The researchers then compared weather data with statistics on the cities' population over the same 33-year period.
They calculated the number of days of extreme heat in a particular year multiplied by the population of the city that year to come up with a definition called person-days.
The authors found that the number of person-days in which city dwellers were exposed went from 40 billion per year in 1983 to 119 billion in 2016.
Cascade Tuholske at Columbia University's Earth Institute, a lead author of the study, said the rise "increases morbidity and mortality."
"It impacts people's ability to work, and results in lower economic output.

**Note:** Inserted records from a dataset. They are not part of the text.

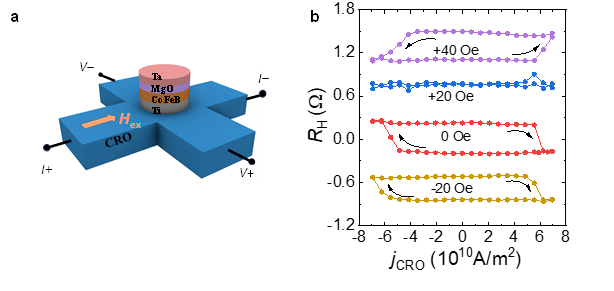 图3 CaRuO3中的自旋流在无外磁场下驱动垂直磁矩翻转
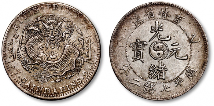清吉林省造“乙巳”光绪元宝库平七钱二分银币一枚,打制规范,龙鳞清晰,深灰色包浆,带底光,极美至近未使用品
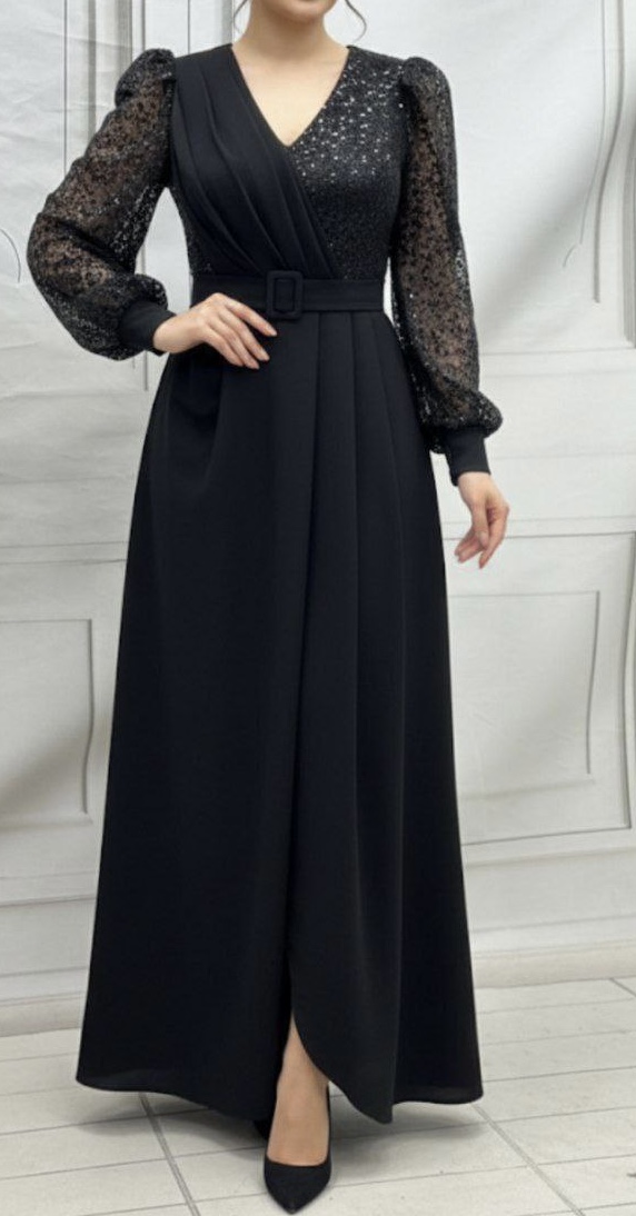 لباس مجلسی در چند رنگ متفاوت و زیبا با سایزهای متفاوت و از جنس کرپ دالقیچ و پولک -- قد۱۵۰
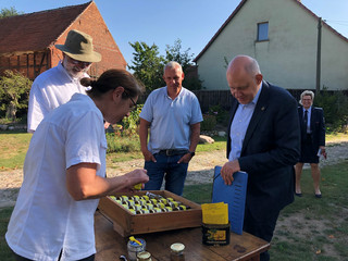 Auch besuchte der Landrat das Wolsierer Unternehmen „SenfSalon“ sowie die Feuerwehr Wolsier, welche diesen Juli unter Ortswehrführer Ivo Repp ihr 90-jähriges Bestehen feierte sowie das nun bald Einjährige der im Herbst 2023 gegründeten Kinderfeuerwehr. Ersteres ist dabei unter Geschäftsführerin Merit Schambach seit 2021 im Ländchen Rhinow ansässig und vertreibt seine ca. 30 ausgefallenen Senfsorten selbst an internationale Kunden - darunter auch fruchtig-süßen Birnensenf passend zur havelländischen Region.
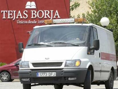 Un furgón fúnebre lleva a dos obreros fallecidos en Llíria
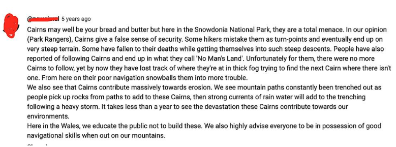 He warns of the dangers of cairns
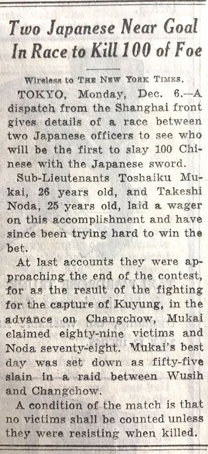 在1937年12月6日發(fā)行的《紐約時(shí)報(bào)》中,也登載了有關(guān)日軍“百人斬”殺人競(jìng)賽的報(bào)道。報(bào)道稱,來自上海前線的一份電報(bào)詳細(xì)介紹了兩名日本軍官之間的一場(chǎng)比賽,看誰先殺死100名中國(guó)人。年紀(jì)分別為25歲和26歲的日本軍官把賭注壓在了這項(xiàng)“成就”上。
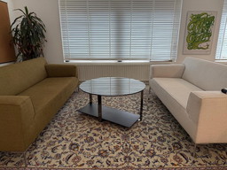 Design table Draenert model 2020 Cherry Vorland, granite & cherry wood, double legs
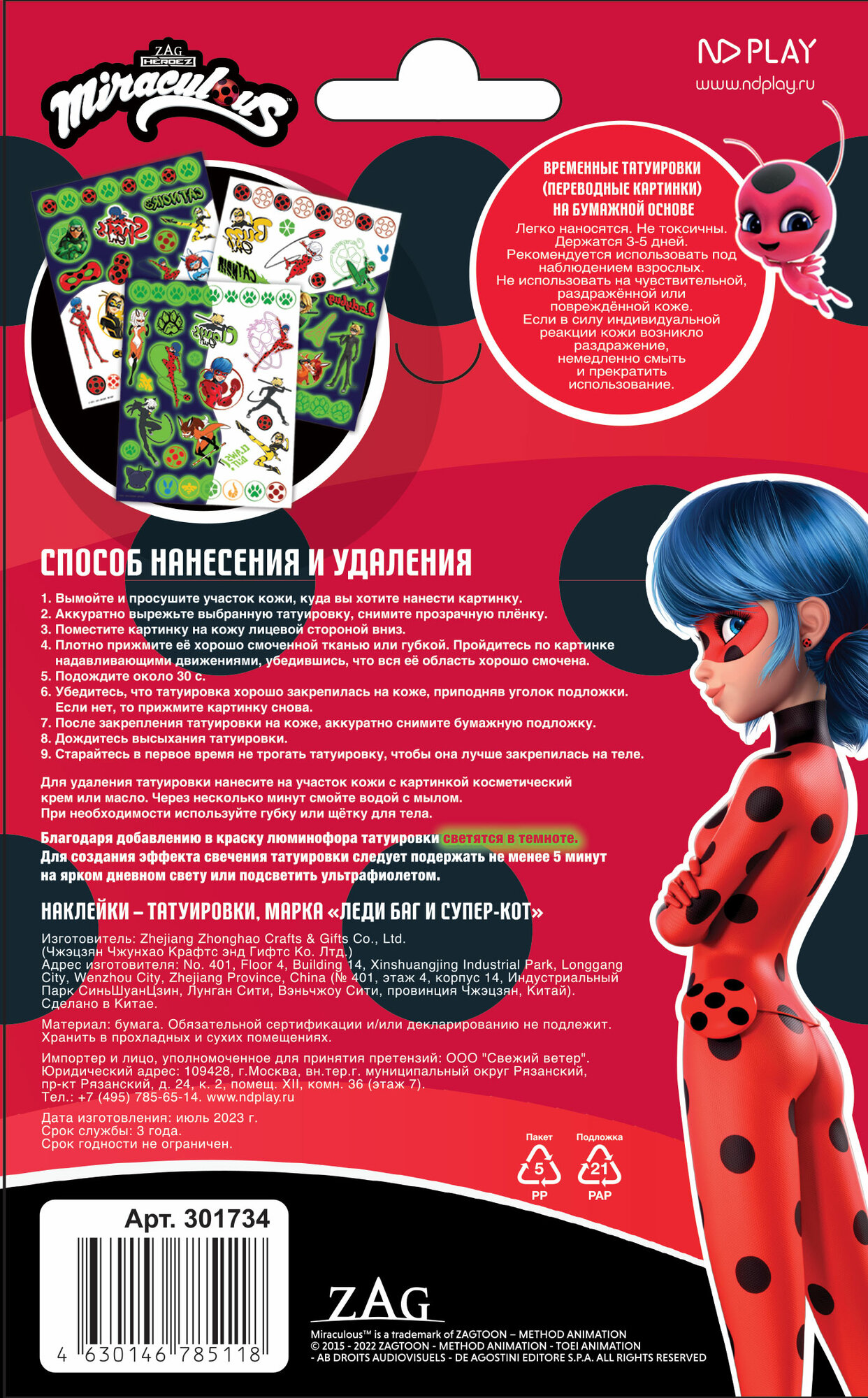 Купить Наклейки - татуировки светящиеся «Леди Баг и Супер-Кот», 3 листа, диз. 2 ND Play
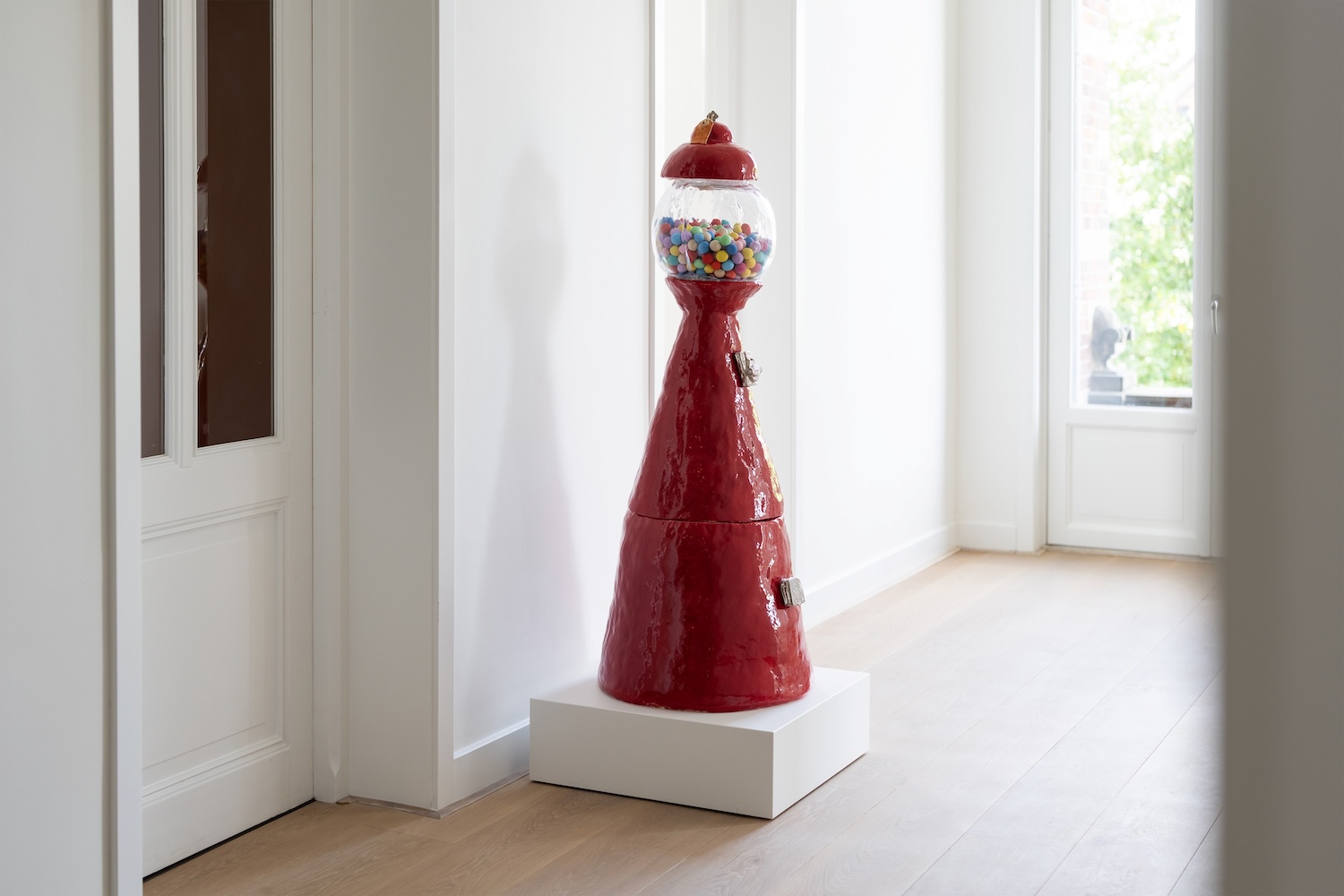 Verspreid door het gebouw duiken overal keramische werken van Koos Buster (vertegenwoordigd door Vriend van Bavink en gastkunstenaar bij Galerie Fleur & Wouter) op. Ze lijken op het eerste gezicht misschien onderdeel van de inventaris: een brandalarm, een kauwgomballenautomaat, een EHBO-kist, een beveiligingscamera, tot je merkt dat alles van klei gemaakt is. Herkenbaar genoeg om te glimlachen, vreemd genoeg om twee keer te kijken. Met zijn ruwe, vrolijke stijl tilt Buster het alledaagse op tot iets wonderlijks en laat hij zien hoe zelfs de meest gewone voorwerpen persoonlijkheid kunnen krijgen.
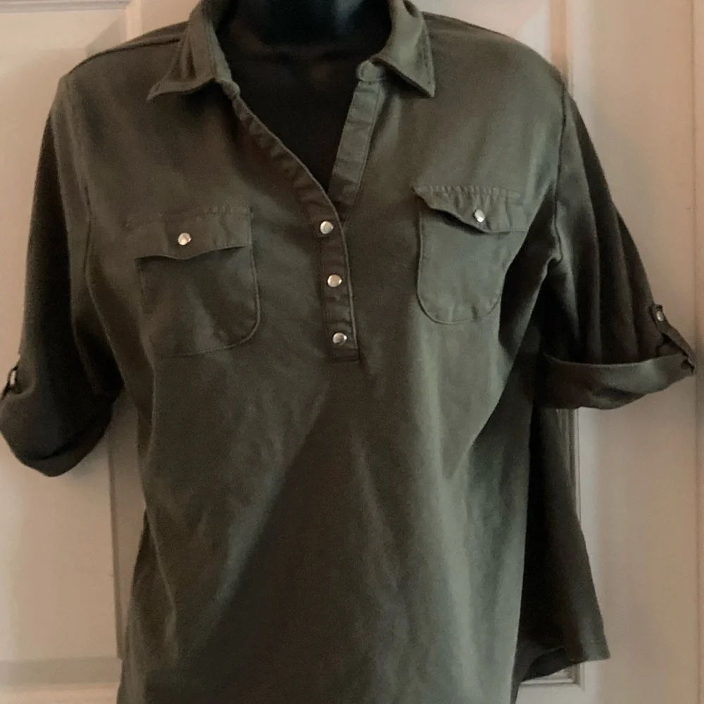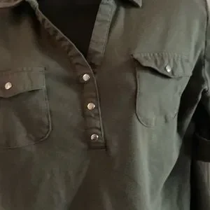 Very soft gray tee with button accents. Short sleeved. Can be worn casual or business casual. Excellent condition. Worn once or twice only.
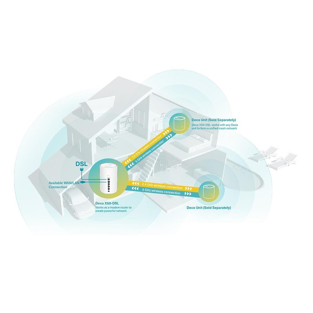 TP-Link Deco X50-DSL WiFi6 Mesh (AX3000,2,4GHz/5GHz,4xGbELAN/WAN,1xDSL Port (VDSL2/ADSL2+/ADSL2/ADSL)
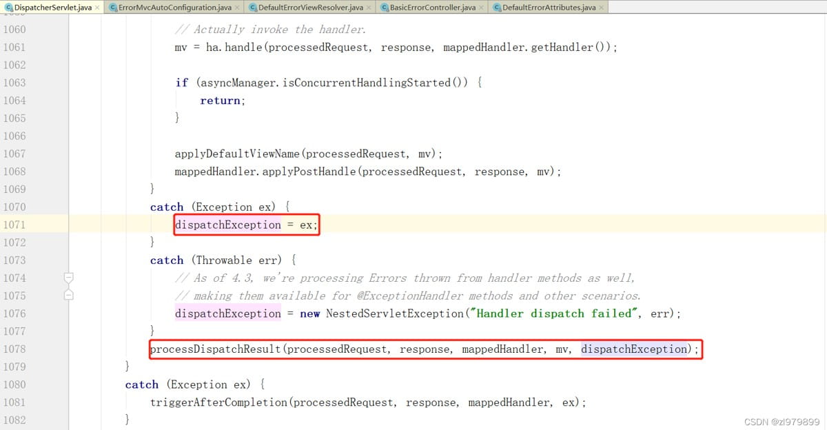 - 如果自己没有调用,并且异常没有任何人能够处理,tomact底层会自动调用response.senderror()将请求转发给basicerrorcontroller处理。

It exacerbates pre-existing health conditions," he said in a statement.
Population growth accounted for two-thirds of the exposure spike, with actual warming temperatures contributing the last third — although proportions varied from city to city, they wrote.
Dhaka was the worst-affected city, seeing an increase of 575 million person-days of extreme heat over the study period.
That was largely attributable to its population soaring from around 4 million in 1983 to around 22 million today.
Other big cities to show similar trends were Shanghai, Guangzhou, Yangon, Dubai, Hanoi and Khartoum, as well as various cities in Pakistan, India and the Arabian Peninsula.
Major cities that saw around half of their exposure caused by a warming climate included Baghdad, Cairo, Kuwait City, Lagos, Kolkata and Mumbai.
The authors said the patterns they found in Africa and South Asia "may crucially limit the urban poor's ability to realize the economic gains associated with urbanization."
They added that "sufficient investment, humanitarian intervention, and government support" would be needed to counteract the negative impact.
In the United States, some 40 major cities saw exposure grow "rapidly," mainly in the Gulf Coast states of Texas, Louisiana, Mississippi, Alabama and Florida.
The study was carried out by researchers at New York's Columbia, the University of Minnesota Twin Cities, the University of Arizona at Tuscon and the University of California Santa Barbara.